▶ Work request:
In the entries below, print exactly the lines from the first through the one with "Secopad 14PCS Screen", both included, and none of the pictures.

▶ Extracted records:
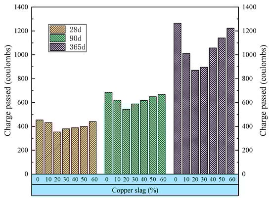 Most studies consider chloride penetration unfavorable when a certain amount of CS is added to CBMs as SCMs. Replacing 10% of cement with CS has the best effect on reducing chloride penetration, and the effect of CS on reducing chloride permeability is more pronounced at later stages [,].
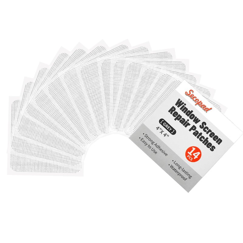 Secopad 14PCS Screen Patch Repair Kit, Grey/Black Window Screen Repair Kit for Mesh Window Screen Door Repair, Strong Adhesive Fiberglass Screen Repair Tape, 4" x 4"
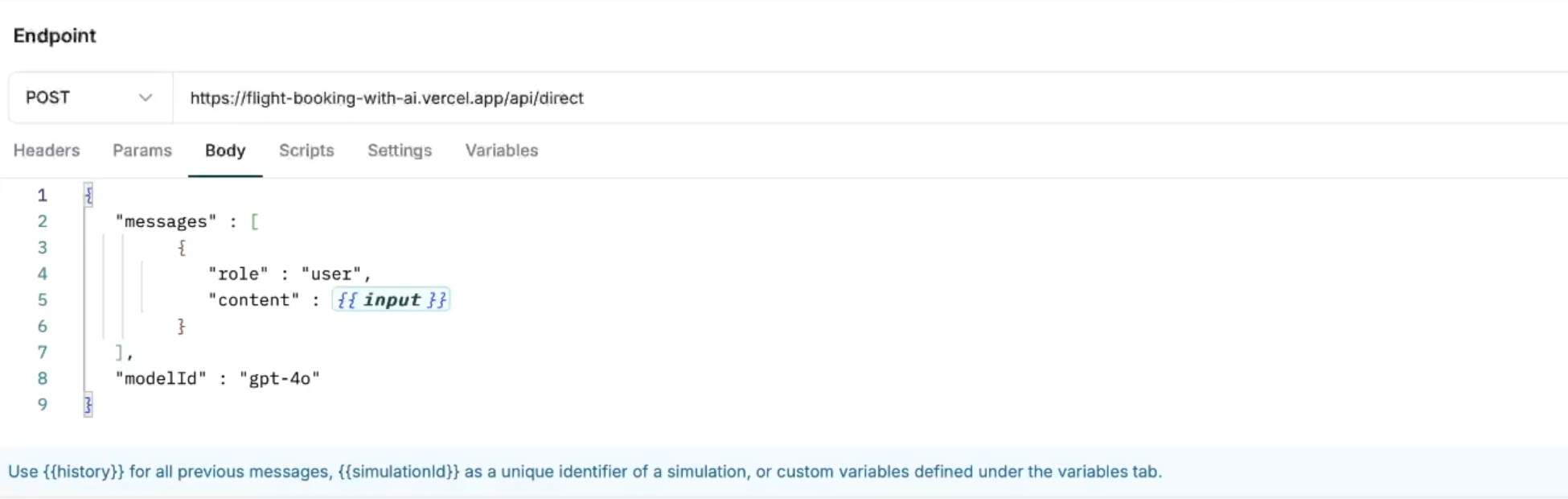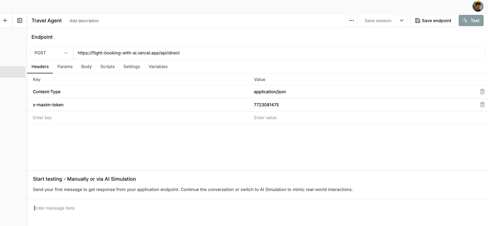 The flight booking agent was already built and deployed on Vercel, running live as a real API. We connected Maxim directly to that endpoint. Every simulation, every test, every scenario in this workflow hits the actual agent, not a mock or a playground. This way, when you see results, you know they’re coming from the real production setup, just like your users would.
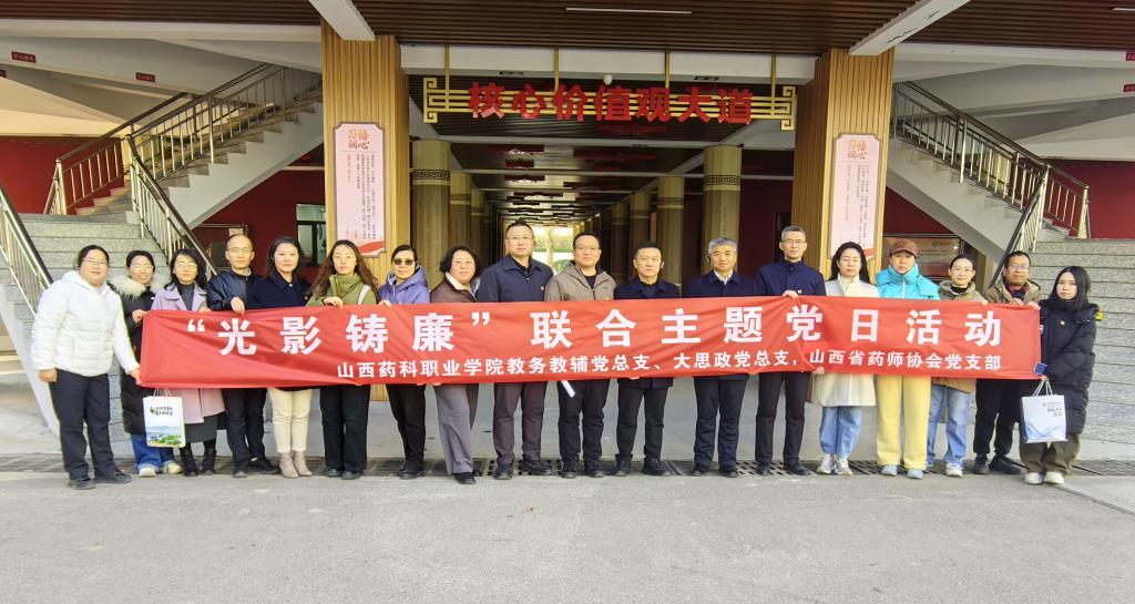 2025年11月24日下午,教务教辅党总支、大思政党总支联合山西省药师协会党支部共同开展主题党日活动。马克思主义学院教师贾晋霞在核心价值观大道为党员们讲授了一堂精彩的专题党课。全体党员怀着崇敬之心,在红色文化浸润中感悟初心使命,汲取奋进力量。
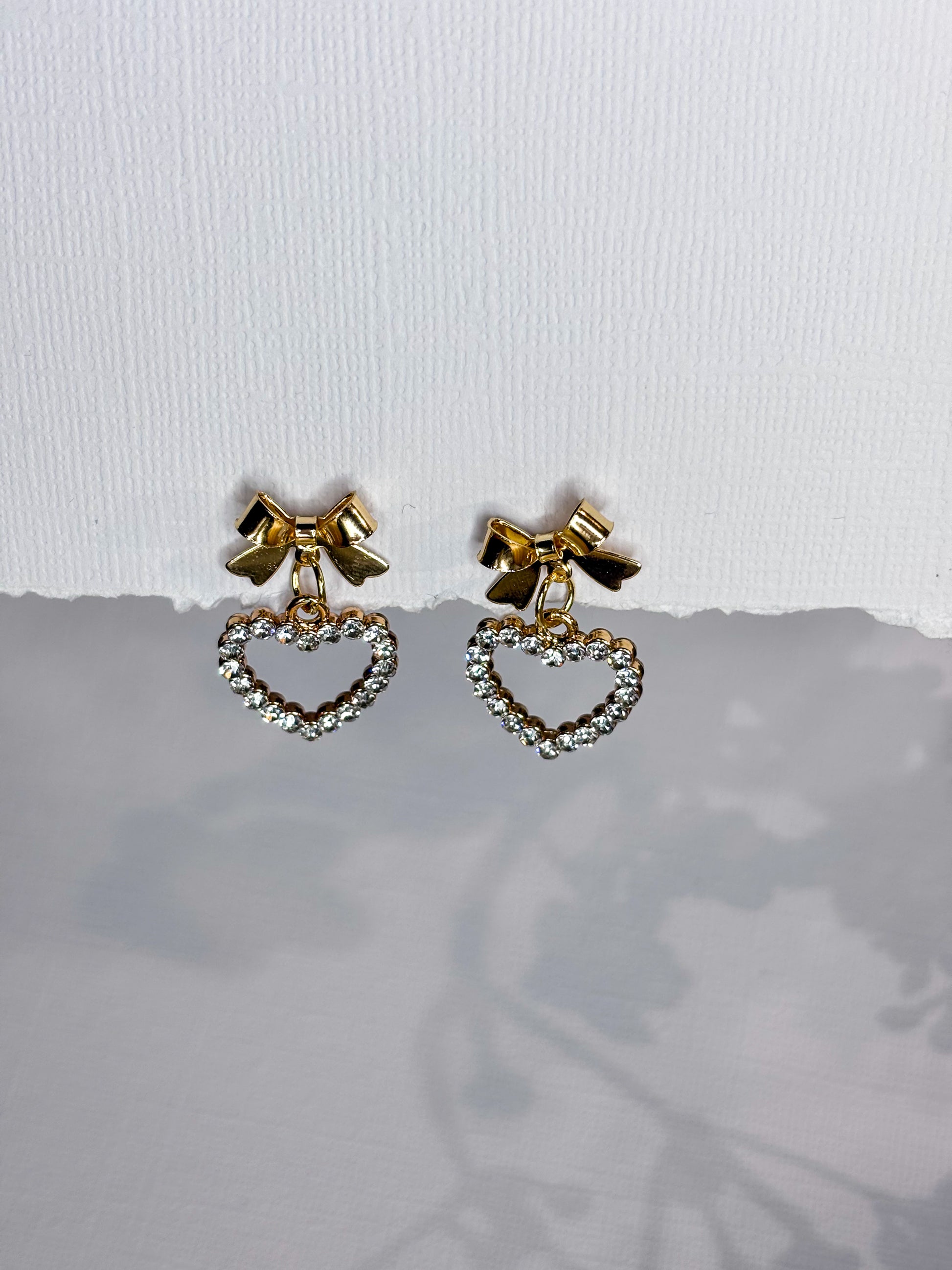 Bow studs with drop heart

▶ Your solution:
 Most studies consider chloride penetration unfavorable when a certain amount of CS is added to CBMs as SCMs. Replacing 10% of cement with CS has the best effect on reducing chloride penetration, and the effect of CS on reducing chloride permeability is more pronounced at later stages [,].
 Secopad 14PCS Screen Patch Repair Kit, Grey/Black Window Screen Repair Kit for Mesh Window Screen Door Repair, Strong Adhesive Fiberglass Screen Repair Tape, 4" x 4"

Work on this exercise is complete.